Moving Beyond The Memorable, To The Magical

This week’s New Yorker magazine has a profile on architect Santiago Calatrava. He discussed some amazing concepts about PURPOSE, which I found fascinating, especially when you consider its relation to publishing, both in print and on the web.

I would sum up his philosophy as follows:

It’s about the experience, not the artifact.

While his designs are sometimes spectacular visually, his real focus is on the underlying purpose of a project. Relating this to publishing, it would mean that the goal is not a "magazine" or a "blog" or a "website." The goal is solving deeper problems. One shouldn’t get too wrapped up in the form if does not elevate that purpose. This said, the form of what you do can have a huge affect on serving customers.

A design may be useful, and even nice to look at, culminating in:

Something merely memorable, but not magical.

When you step across that line of achieving the perfect balance of form and function – it is elevated to heights greater than the sum of its parts. The New Yorker on Calatrava’s buildings:

"At their best, his buildings inspire visceral awe rather than thoughtful appraisal, and deliver the uplifting impact of a cathedral, even when their purpose is merely to shelter commuters."

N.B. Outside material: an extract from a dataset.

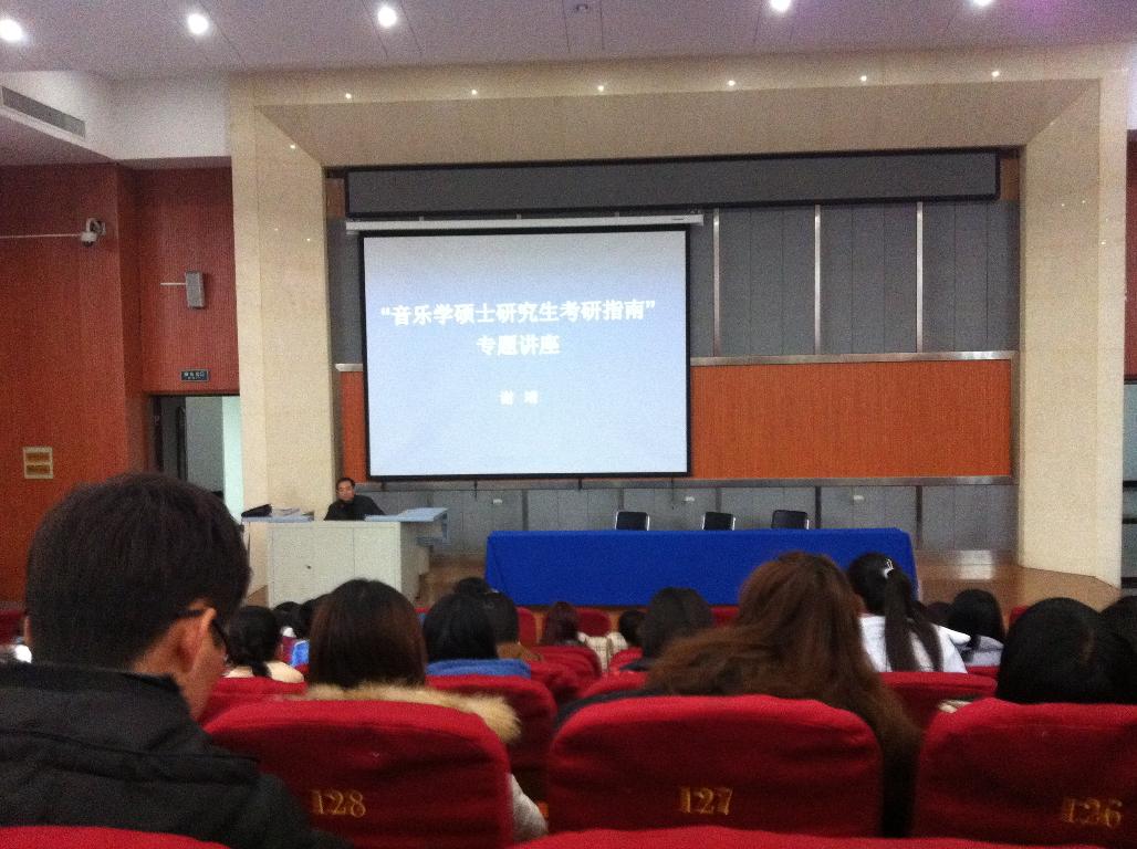 2014年12月09日14:10,由理论教学部主办的“音乐理论讲堂” 在新校区综合楼A301报告厅举行。本次讲座由理论教学部谢靖老师主讲,题目是“音乐学硕士研究生考研指南”。

His design for the new PATH train station at the World Trade Center site is a primary example of the line between memorable and magical design. You have likely seen the design of the street-level entrance, a cross between the skeleton of a whale, and the wings of a bird. But so much more of the station exists underground, and it is here that budget cuts from the city could reduce his design from magical, to merely memorable. Calatrava’s explains:

"Because the station has a part that is symbolic, people think that is the station, but that is not the station," he continued. "That is just the sign to show people where it is on the street." The real station, he said, was what lay below street level: the vast mezzanine unobstructed by columns, and lit by natural light filtered from above, bestowing upon the traveler all the grandeur and sense of occasion offered by the great room of Grand Central, with its celestial roof and shafts of sunlight. "They should not build the iconic part," he insisted… "They should wait another generation, and they should build that which the other generation cannot build. The next generation can build the iconic part, but the platforms, the services, the generous spaces, the sense of arrival – these things they will never be able to move."

With either design, will it still function as a train station? Of course. But cutting elements of his original design it will likely lose something, something special, which he explains with Grand Central Station in New York as an example:

"You go into Grand Central and you immediately understand that this has been done for you: it is a gift to everyone, it is a gift to the city."

I am a part of so many discussions about publishing – both print and web. When I think about its true purpose – to help customers and readers – to make people’s everyday lives better – it becomes a transcendent thing – moving beyond debates over podcasts, blogs, resources, magazines, webcasts, templates, aggregation, and will.

It becomes a simple thing:

This is not a problem – this transition in publishing – this is a privilege.

This is our opportunity to create something magical, not merely memorable.

(For more on Santiago Calatrava, Charlie Rose has a great interview with him that is well worth checking out.)

1 comment

  1. I JUST LIKE CALATRAVA’S DESIGNS! BUT HOWEVER I WOULD LUV HIM TO EXPLAIN FURTHER HOW HIS CONCEPTS LEAD TO THE FINAL REQUIRED PROJECT SO THAT I CAN ALSO LEARN COZ HE HAS MADE ARCHITECTURE SEEM PLEASURABLE AND INTERESTING TO ME!